Concrete Pipe News Spring 2018

Many U.S. states are cautious about the use of SCC, and most do not have fully developed specifications to produce the mix, mainly due to lack of familiarity or promotion by our Industry. State DOTs, however, are becoming more interested in SCC and are beginning to work with reinforced concrete producers to develop specifications that have been adopted by municipal public works officials. Some of the state DOTs already accepting SCC in specifications are CA, MN, IA NE, ND, SD, MT, WY, KS, MO, WI, VA, NY, NJ, PA, and MD. California, Iowa and South Dakota have published specifications for SCC.

Caltrans 2015 Standard Specification section 90-5 allows SCC in precast concrete, providing the mix design has been prequalified per section 90-5.01D(2)(c) Prequalification of Mix Design. All other types of construction require approval in the special provisions, or special approval must be requested for a project.

The SCC Basics – 101

Concrete is typically considered a Bingham fluid, which is described in terms of yield stress and plastic viscosity. The yield stress is the shear stress to initiate or maintain flow and the plastic viscosity is the resistance to flow once the yield stress is exceeded. SCC should have a very low yield stress, but the plastic viscosity can vary. (Wikipedia)

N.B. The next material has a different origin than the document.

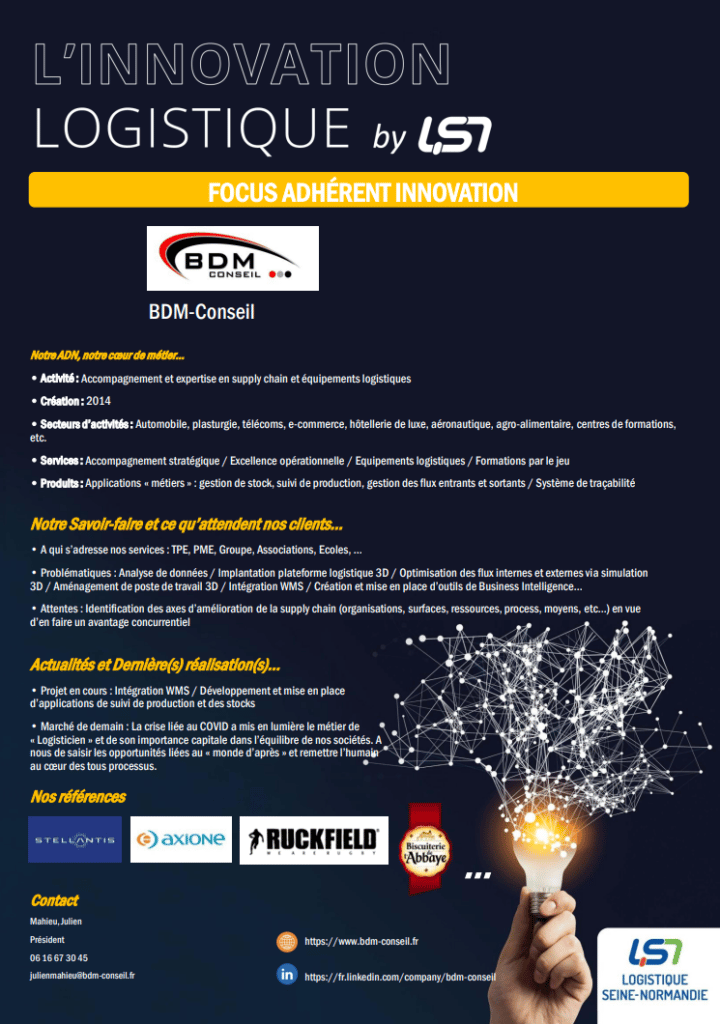 Ce mois-ci, mise en avant de BDM Conseil qui propose accompagnement et expertise en Supply Chain et équipements logistiques.

The addition of superplasticizers and viscosity modifiers supplied by admixtures companies reduce viscosity and segregation. Concrete that segregates loses strength and results in lower durability and honeycombed areas next to the formwork. Admixtures companies and vendors supply increasingly complex and specialized raw materials that yield products tailored to specific construction environments and concrete production capacity. A well-designed SCC mix does not segregate and has high deformability and excellent stability characteristics. For these reasons, reinforced concrete producers enjoy the benefits of increased potential for reduced vibration and automation in precast facilities, increased worker productivity, and reduced health and safety issues related to vibration. Because the production process is improved, higher quality products are the outcome.

SCC requires concrete movement to provide consolidation. It is important to limit the number of placement locations on a form to allow concrete to flow and consolidate. Normal concrete mixes typically require placement from many closely-spaced locations to minimize concrete movement and segregation. SCC is more efficient for placement in forms containing intricate details and congested reinforcement.

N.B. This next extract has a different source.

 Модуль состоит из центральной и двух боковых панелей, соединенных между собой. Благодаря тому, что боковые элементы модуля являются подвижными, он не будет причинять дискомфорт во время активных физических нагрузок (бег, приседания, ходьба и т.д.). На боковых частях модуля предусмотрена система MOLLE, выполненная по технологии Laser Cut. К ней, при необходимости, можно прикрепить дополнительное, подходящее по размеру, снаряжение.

The timing for finishing steps will be affected. Finishers must become familiar with the SCC mix setting characteristics to time the finishing steps and provide a quality concrete finish. Overall set time can be controlled like any other concrete with accelerators or retarders.

Quality Control

• Aggregate gradations must be closely monitored and consistent to produce SCC
• Forms must be level
• Visual Stability Index (VSI) is an easy and valuable test for monitoring mix stability but can be a subjective test
• PCI Guidelines

Guidelines for The Use of Self-Consolidating Concrete in Precast/Prestressed Concrete 2nd Edition (TR-6-15-PCI) The guidelines represent current recommended practice of using SCC in the precast/prestressed concrete industry. These guidelines address the use of SCC in precast, prestressed concrete manufacturing plants and reference PCI plant quality manuals MNL-116-99 and MNL-117-13.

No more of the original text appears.